There's a "Pixels" section full of American culture, with stuff about Fallout 4, YouTube stars, Microsoft, and an FBI hacking story.
A lot of this stuff could be considered "local" news; I'm not sure why anyone in France would care about Keystone XL.
Now obviously French people aren't walking around worrying about America, but in general, I think people in other countries know a lot more about us than we know about them. And that's not just because of the stereotypical ignorant American, the US just influences other countries more than they influence us.
I'd also observe that since the US has had such a large footprint, the interesting question isn't whether the French know our President, vs. whether an American can name the French Prime Minister. That doesn't scale properly, as it implies a standard by which the non-American wins by knowing one name, but the American has to know everyone. The more interesting question is does the average Japanese person know the name of France's Prime Minister, or vice versa? And that's staying comfortably within the world's top ten economies, hardly an unfair question. I suspect by this standard the US would look a lot less bad, though I would still be completely unsurprised to see it at the bottom of such a measure. It just wouldn't be such an extreme difference.
But I think it goes farther than French people knowing who Obama is. Yes, for every French article about Obama, there's an American article about some world leader. But French newspapers also have articles about a scandal at the University of Missouri, local police shooting stories, and again this Keystone stuff that frankly nobody should care about. US news doesn't carry that kind of story about other countries, because frankly I don't think anybody would care.
If I look at the Le Monde Americas section (http://www.lemonde.fr/ameriques/) I count 12 stories about the US in the last 4 days, the majority of which have very little relevance to the rest of the world. There's lots about Keystone, the University of Missouri racism scandal, the Seattle gum wall thing, etc.
I'm not saying Americans don't care about the rest of the world or that the news doesn't report on stuff outside our borders, but comparing US news about Europe to European news about the US is sort of proving my point. I think Europeans tend to know more about the US than Americans know about any one European country.
Also, this discussion is specifically focused on culture. I see maybe one or two culture-related articles on that NYTimes page, and pretty much no non-US articles in the Arts section. I think all the articles there about foreign artists are specifically about what they're doing in the US.

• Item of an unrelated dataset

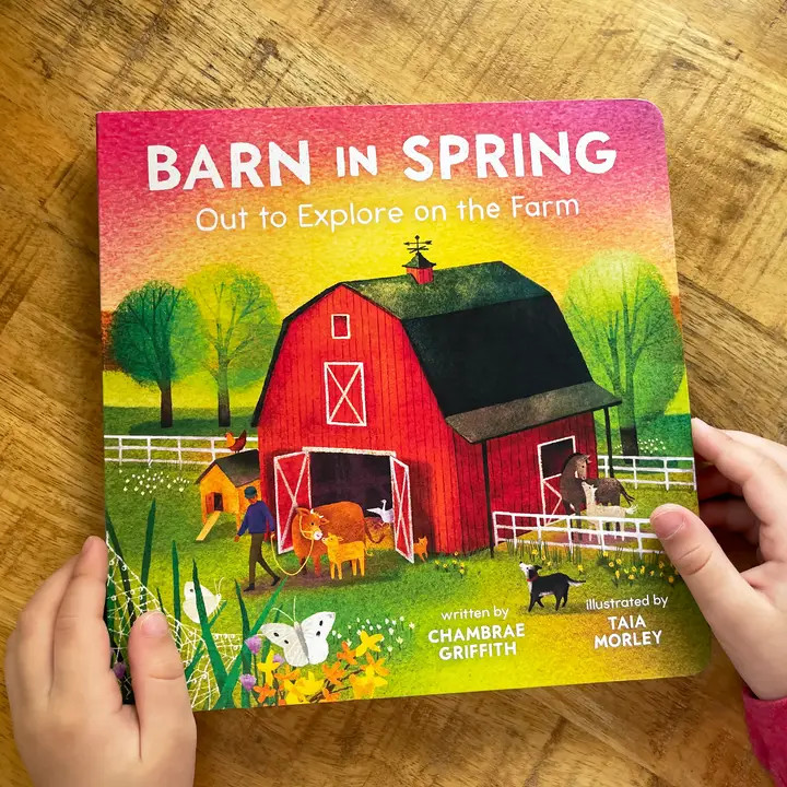 “Barn feels the sun. Warmth floods her gables. As winter retreats, she opens her stables…” It’s springtime on the farm, and the animals (and their new babies!) are ready to get out of the barn and explore. The cows are happy to graze in the green pasture, the hen is busy at work building a nest, and the happy-go-lucky pigs have found a mucky mud puddle to wallow in! Celebrate spring with this beautiful keepsake book that any farm-loving toddler is sure to love! Lyrically written in rhyming verse with gorgeously rich illustrations. Look for the companion book by Chambrae Griffith, Barn in Winter, available now and check out the wide variety of other children's board books from Cottage Door Press!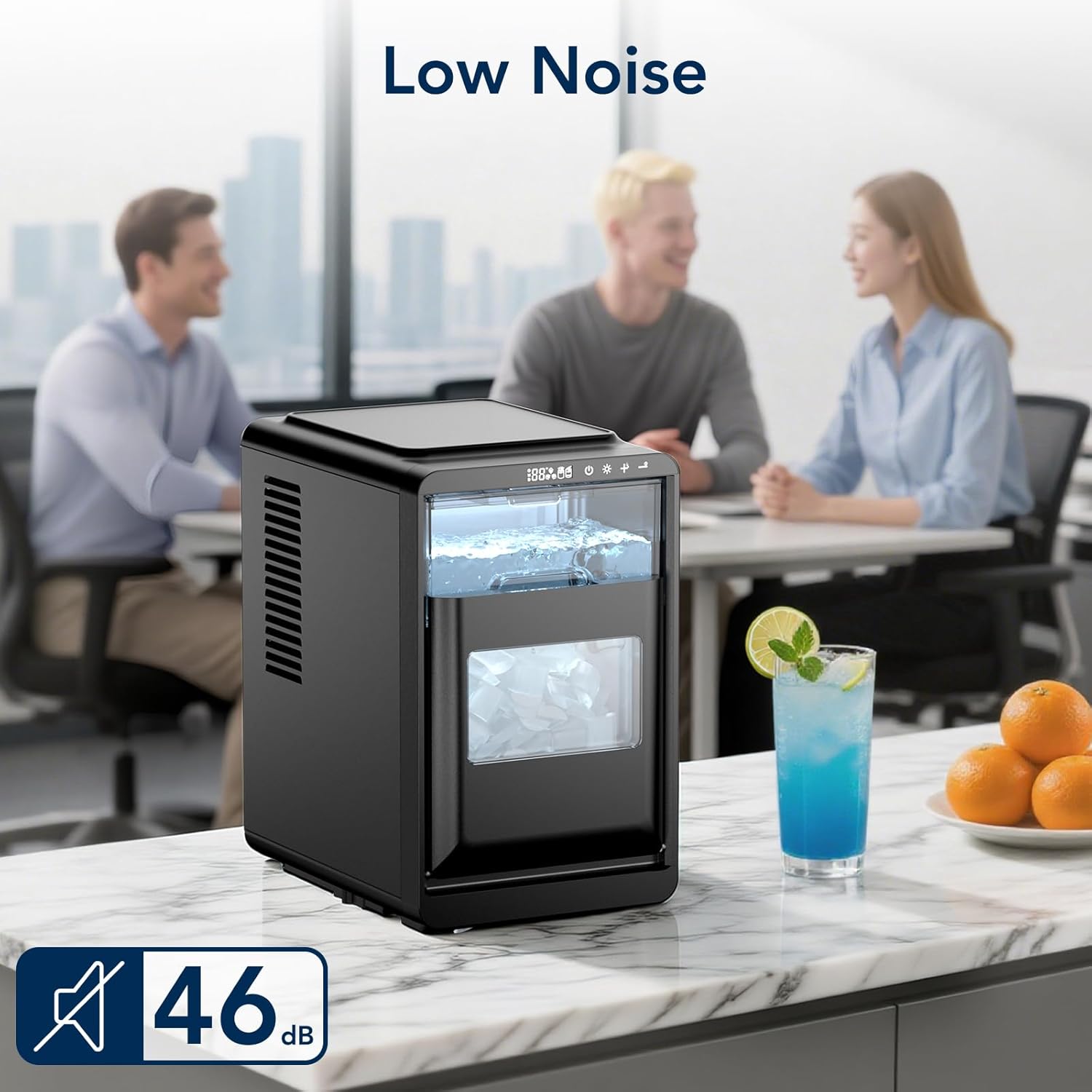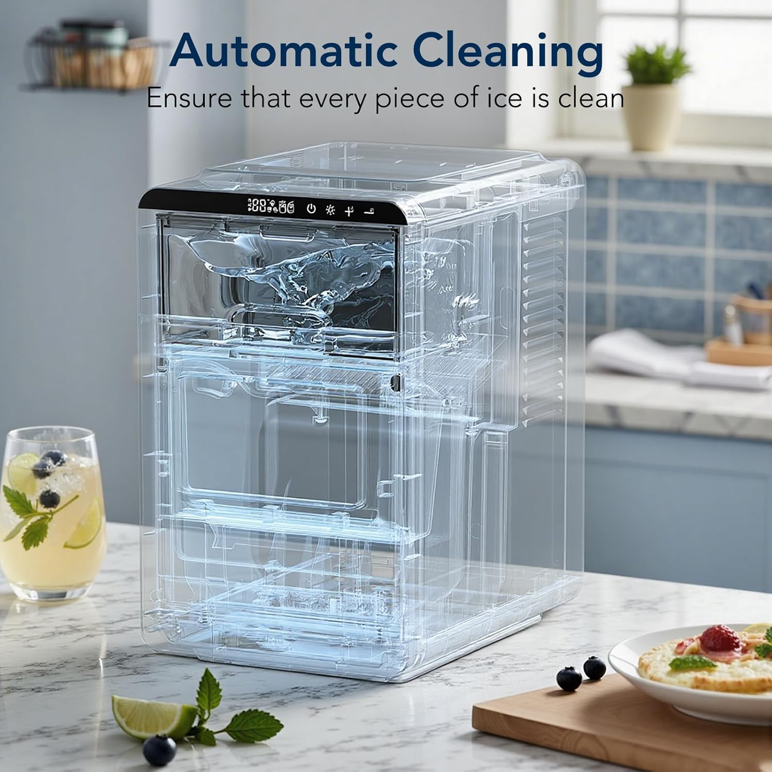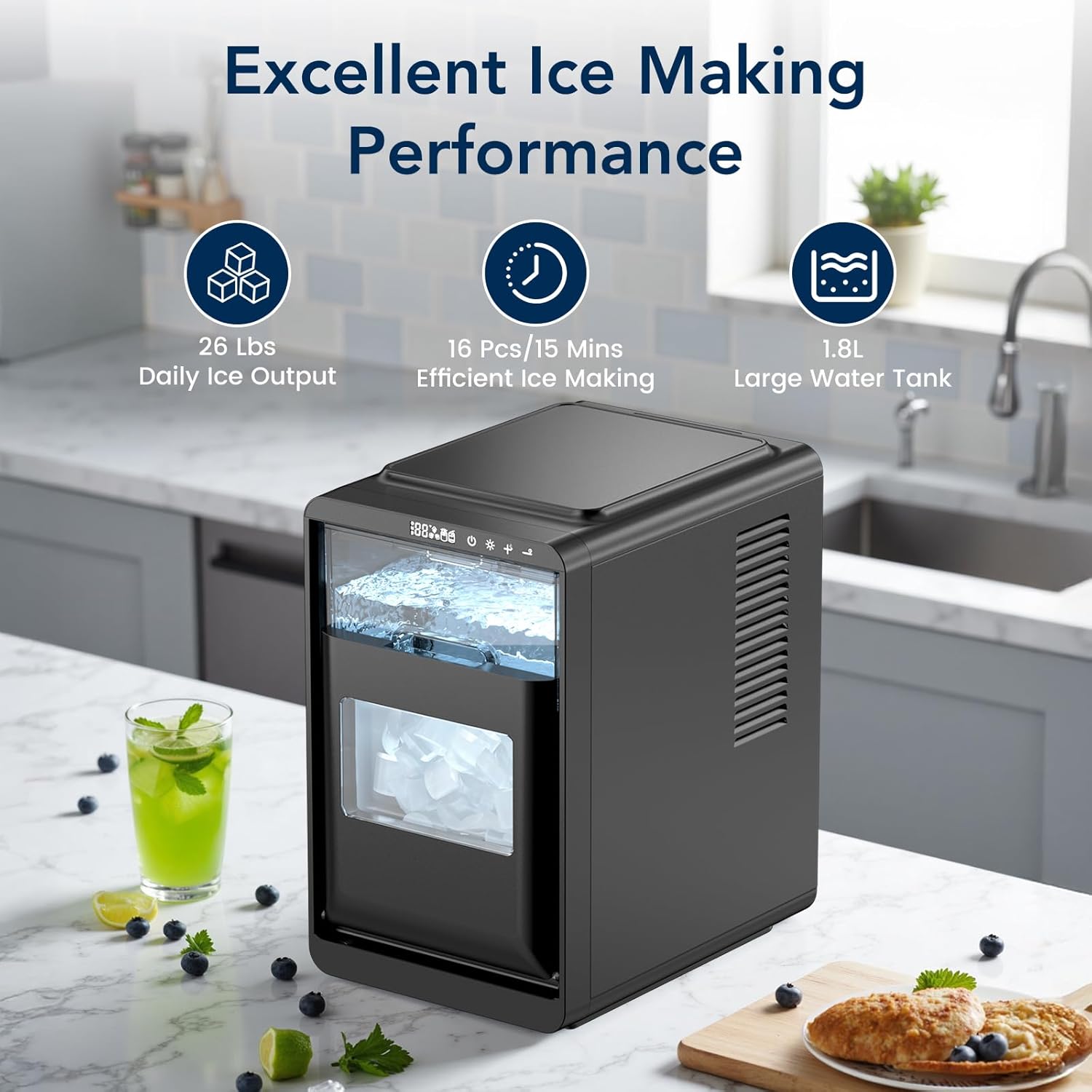 The ice maker can make 16 Crescent-shaped ice cubes in just 12 minutes. Fill 1.8L of water into the water tank maximum ice capacity can reach 26 pounds in 24 hours. Say goodbye to long waiting times and enjoy a constant supply of ice whenever you need it. It has a transparent window so you can watch the ice being made.

Whereas Le Monde, while of course it's focused on French culture, has Fallout 4, YouTube, a couple American art auctions, James Bond (maybe that's cheating though), Justin Bieber, and more. US culture is everywhere, and no one country or even continent gets that much space in American newspapers.
Finally, since I'm now realizing that picking a newspaper called "The World" might have biased my results, L'Express and Le Figaro seem to have similar amounts of American politics and culture.
I don't know any Americans who do that.
Why do you think that our democratically elected leaders feel so comfortable bombing, invading and murdering? They know much of the population ultimately feels that it is the US society's prerogative.
I can only name the Prime Minister of Australia because I have an Australian friend. I'd wager the average American isn't even aware Australia has a Prime Minister, let alone what his name is.
I agree that US citizens think we're the "center of the world". They get that idea because we know nothing about other countries yet they know a lot about us. Under the reasoning of "A king doesn't learn a peasants favorite color." people look at their ignorance in a positive light rather than a negative one.
I never gave a damn about US politics until I started travelling internationally and having more international friends than national ones. It was embarrassing to speak about US politics and have someone from Australia know more about my countries internal politics than I did.
Edit:
I think a large part of this is that many countries are bilingual. Learning a second language is especially common and probably the most common language is English. Meaning they can actually read our local news. Meanwhile, few people in the U.S actually speak French/German beyond what they learned in a few years of high school.